Task objective: Once you find the line containing "This Alberto wallet", set down exactly that line and every one after it through the end of the listing below, with both ends included and any pictures omitted.

Supplied material:
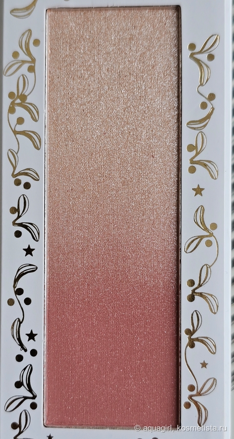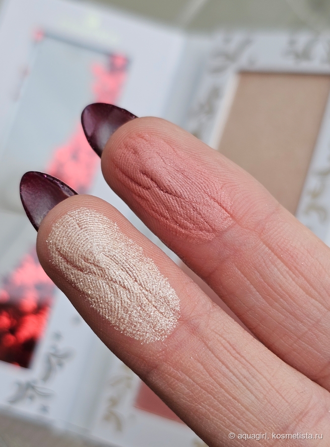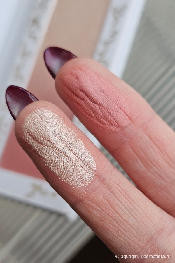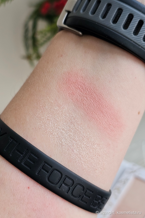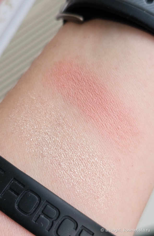 Хайлайтер светло-золотистый, с заметными сияющими частицами. Румяна розовые, в упаковке кажутся значительно чуть темнее, чем на свотчах и в макияже.
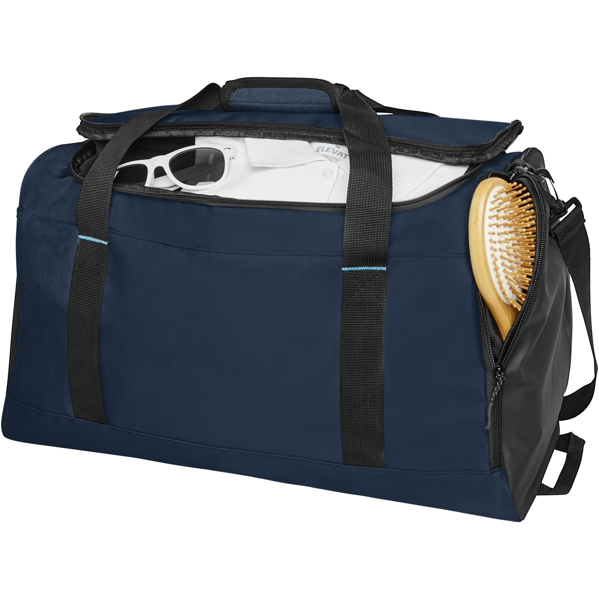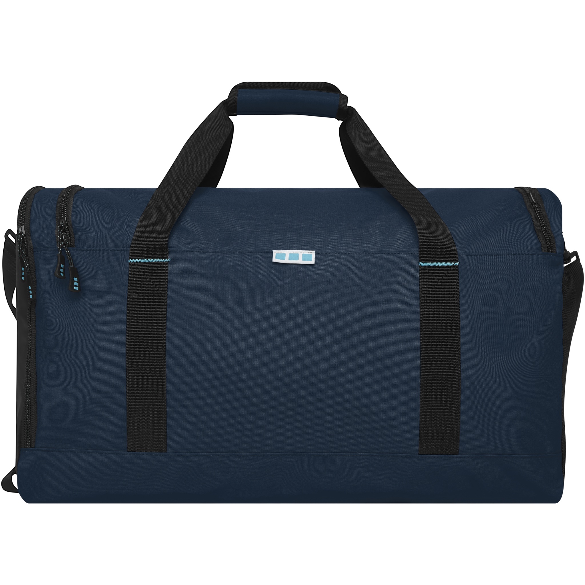 Sustainable GRS certified RPET duffel bag made with 55% recycled materials. Features a large zippered main compartment, a reinforced base panel, a side mesh pocket, and an expandable wet/dry zippered pocket. Comes with a small zippered internal pocket for organization, removable and padded shoulder strap, grab handles with padded velcro closure, and an extra grab handle on the bottom right side.
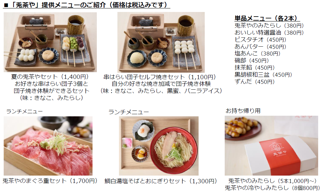 住吉大神は神道で最も大事な「祓(はらえ)」を司る神様です。単に「おはらい」と言えば住吉大社の夏祭り「住吉祭」を指すこともあるほど「祓の神」として篤く敬われています。このような歴史を大切にするため、「兎茶や」は日本初(※当社調べ)の串はらい団子専門店としてオープンします。住吉大社が「兎」を神様の使いとしていることから、店名にもその名を冠しました。串はらい団子には、健康の問題や事故などの災い=苦と死(串)を取り払い、お客様の末永い幸せを願うという想いを込めています。住吉大社で毎月最初の辰の日に商売繁盛を祈願して行われる「初辰(はったつ)まいり」の日には、当店では団子に「初辰まいり団子タグ」をお付けして提供。安産祈願のお参りで賑わう戌の日にも、皆さまの願いが叶うお手伝いができればと特別メニューを用意します。さらに住吉大神が海から出現したことで「海の神」としての信仰もあることから、海の恵みを感じさせる食材を使ったランチメニューも提供予定です。
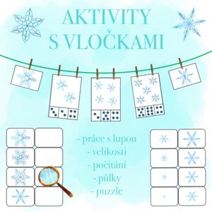 Tento soubor obsahuje aktivity s vločkami - práci s lupami, počítání, půlky obrázků, puzzle a seřazování podle velikosti
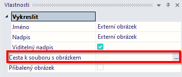 Poslední možností je vložit externí obrázek, který je uložen ve vašem počítači. Jednoduše přidáte položku Externí obrázek z kapitoly Externí položky a ve vlastnostech nastavíte správnou cestu k obrázku:
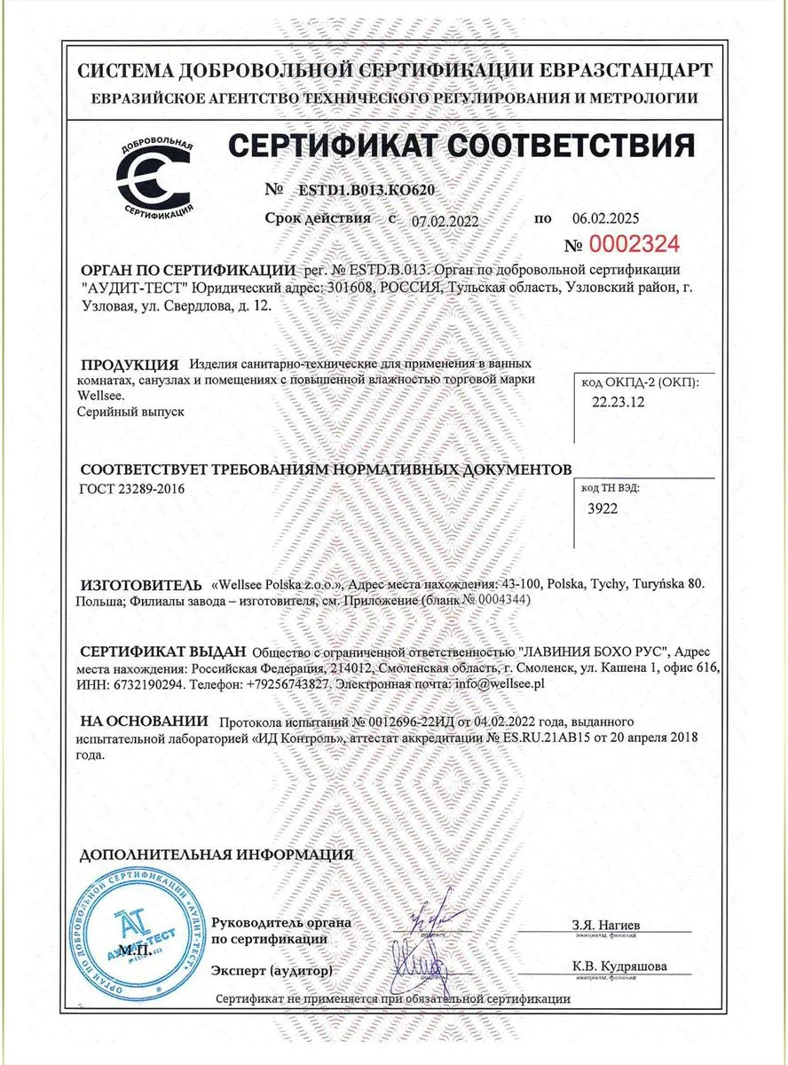 Четко отлаженная система экспресс-доставки позволит каждому покупателю получить товар в отличном состоянии и точно в срок. Перед погрузкой сантехники в специализированный грузовой транспорт каждое изделие проходит детальный визуальный осмотр для предупреждения возможных повреждений или неверной комплектации. Опытный курьер с самым высоким рейтингом обслуживания бесплатно поднимет заказ в квартиру, распакует и продемонстрирует товар, а также предоставит все необходимые гарантийные документы на покупку.
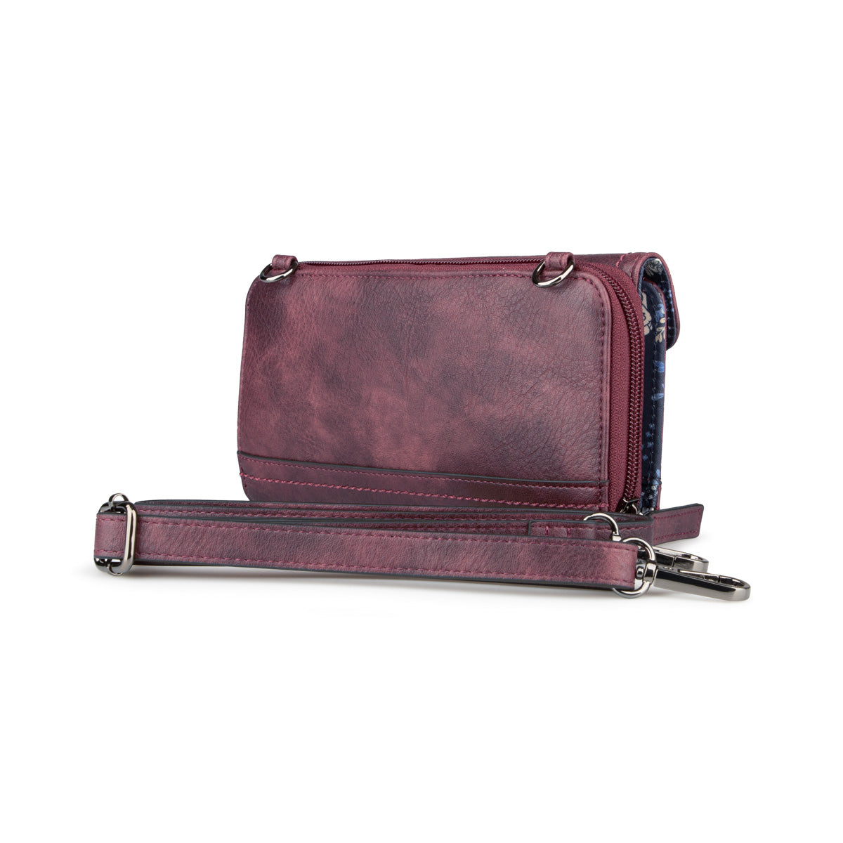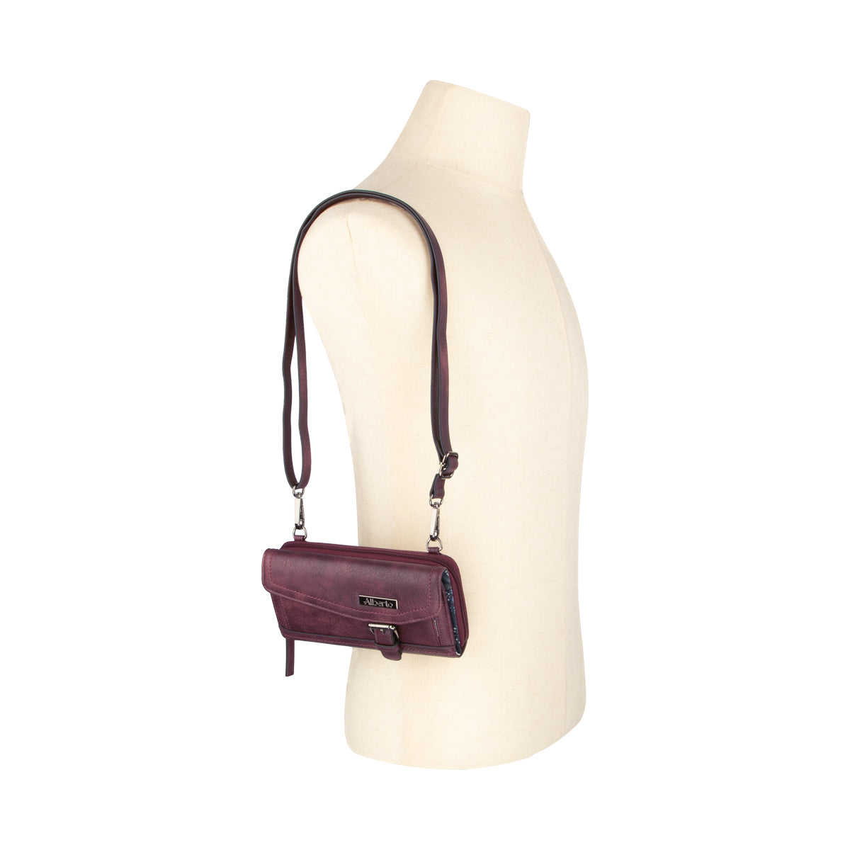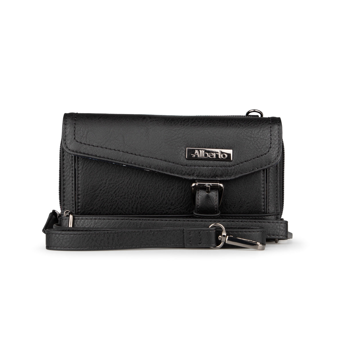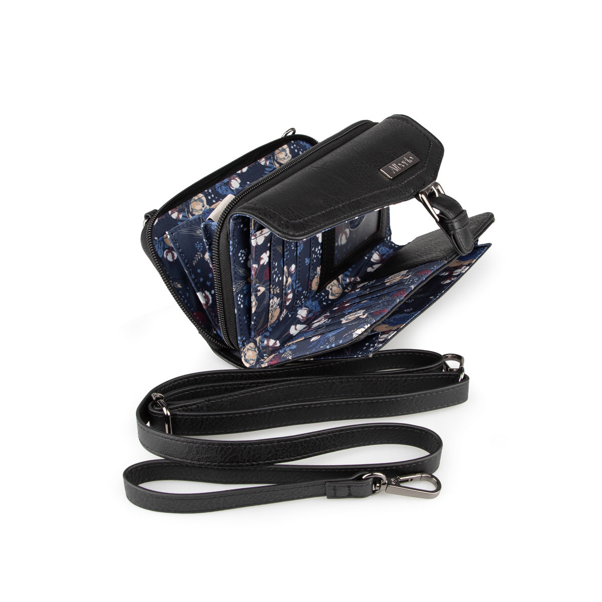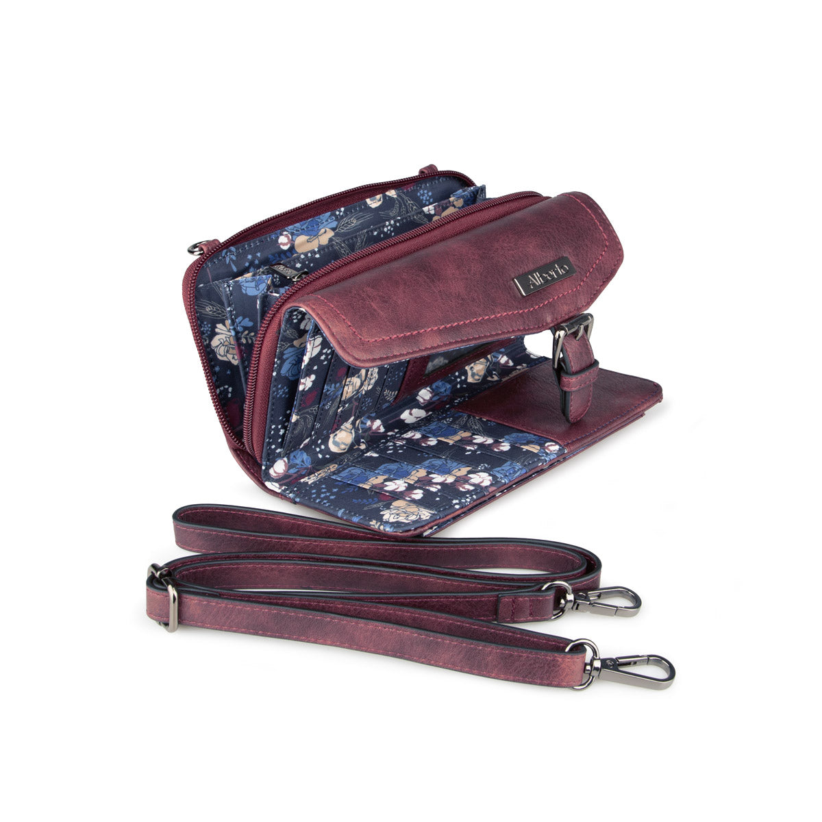 This Alberto wallet in synthetic leather with a flower-printed lining offers several compartments for optimal organization. It has an adjustable and removable strap, a compartment for money, several slots for cards, as well as a pocket closed with a zipper for added security.
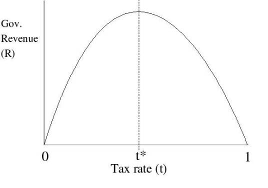 “拉弗曲线”理论是由“供给学派”代表人物、美国南加利福尼亚商学研究生院教授阿瑟·拉弗提出的。该理论之所以被称之为“供给学派”是因为它主张以大幅度减税来刺激供给从而刺激经济活动。“拉弗曲线”的基本含义是,税收并不是随着税率的增高在增高,当税率高过一定点后,税收的总额不仅不会增加,反而还会下降。因为决定税收的因素,不仅要看税率的高低,还要看课税的基础即经济主体收入的大小。过高的税率会削弱经济主体的经济活动积极性,因为税率过高企业只有微利甚至无利,企业便会心灰意冷,纷纷缩减生产,使企业收入降低,从而削减了课税的基础,使税源萎缩,最终导致税收总额的减少。当税收达到100%时,就会造成无人愿意投资和工作,政府税收也将降为零。
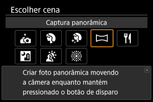 Utilizar o modo [] (Disparo Panorâmico) para fotografar panoramas. O panorama é criado pela combinação de fotos captadas em disparo contínuo enquanto move a câmara numa direção e mantendo completamente premido o botão disparador.
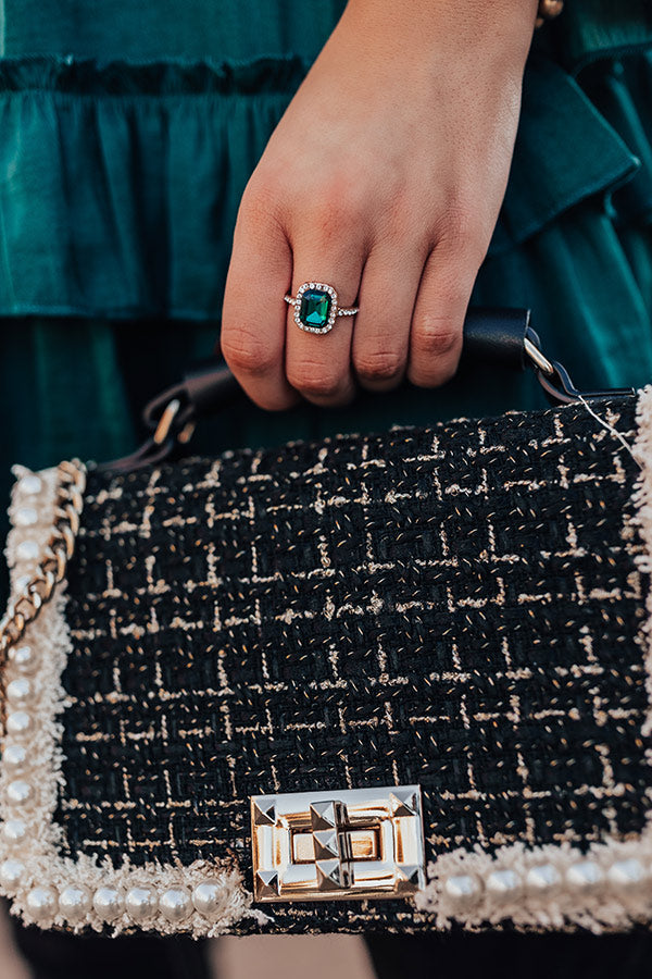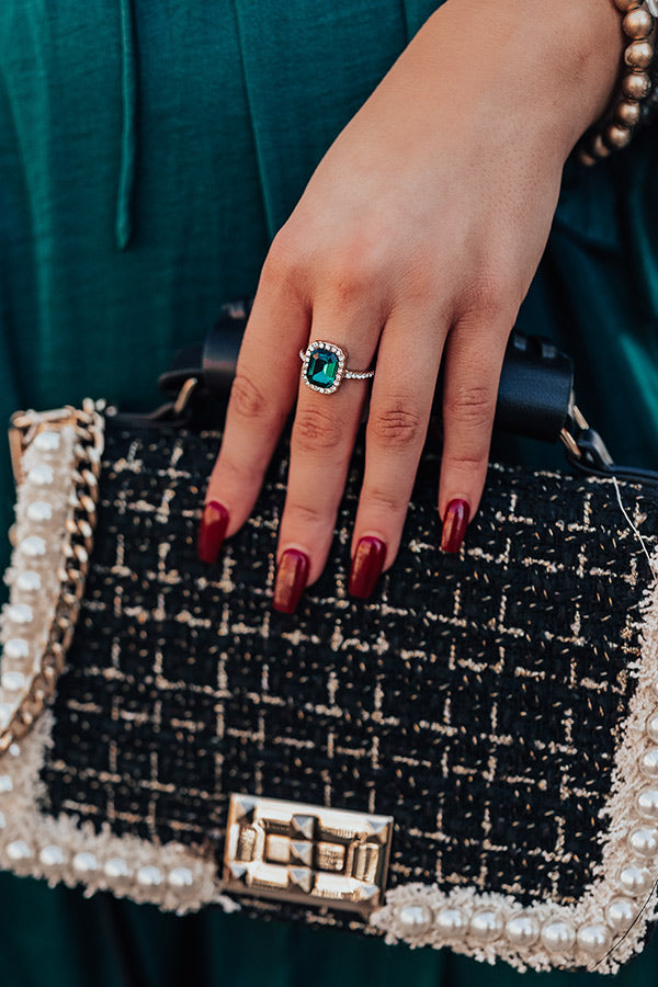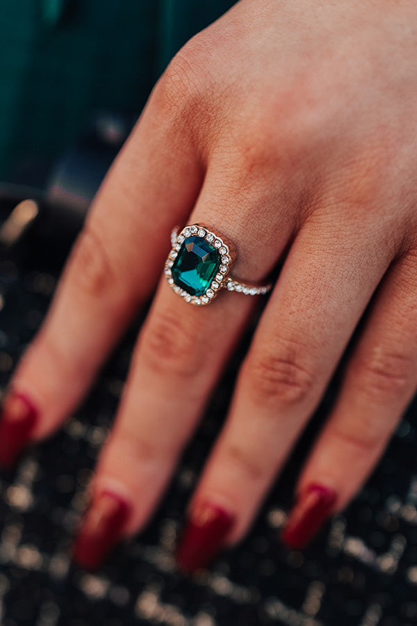 Make a bold statement with our stunning 'Tour The City Ring' featuring a thin rhinestone band with a large rectangular emerald stone surrounded by dainty shimmering rhinestones! This ring can comfortable fit a 6.5 size.

Finished task:
 This Alberto wallet in synthetic leather with a flower-printed lining offers several compartments for optimal organization. It has an adjustable and removable strap, a compartment for money, several slots for cards, as well as a pocket closed with a zipper for added security.
 “拉弗曲线”理论是由“供给学派”代表人物、美国南加利福尼亚商学研究生院教授阿瑟·拉弗提出的。该理论之所以被称之为“供给学派”是因为它主张以大幅度减税来刺激供给从而刺激经济活动。“拉弗曲线”的基本含义是,税收并不是随着税率的增高在增高,当税率高过一定点后,税收的总额不仅不会增加,反而还会下降。因为决定税收的因素,不仅要看税率的高低,还要看课税的基础即经济主体收入的大小。过高的税率会削弱经济主体的经济活动积极性,因为税率过高企业只有微利甚至无利,企业便会心灰意冷,纷纷缩减生产,使企业收入降低,从而削减了课税的基础,使税源萎缩,最终导致税收总额的减少。当税收达到100%时,就会造成无人愿意投资和工作,政府税收也将降为零。
 Utilizar o modo [] (Disparo Panorâmico) para fotografar panoramas. O panorama é criado pela combinação de fotos captadas em disparo contínuo enquanto move a câmara numa direção e mantendo completamente premido o botão disparador.
 Make a bold statement with our stunning 'Tour The City Ring' featuring a thin rhinestone band with a large rectangular emerald stone surrounded by dainty shimmering rhinestones! This ring can comfortable fit a 6.5 size.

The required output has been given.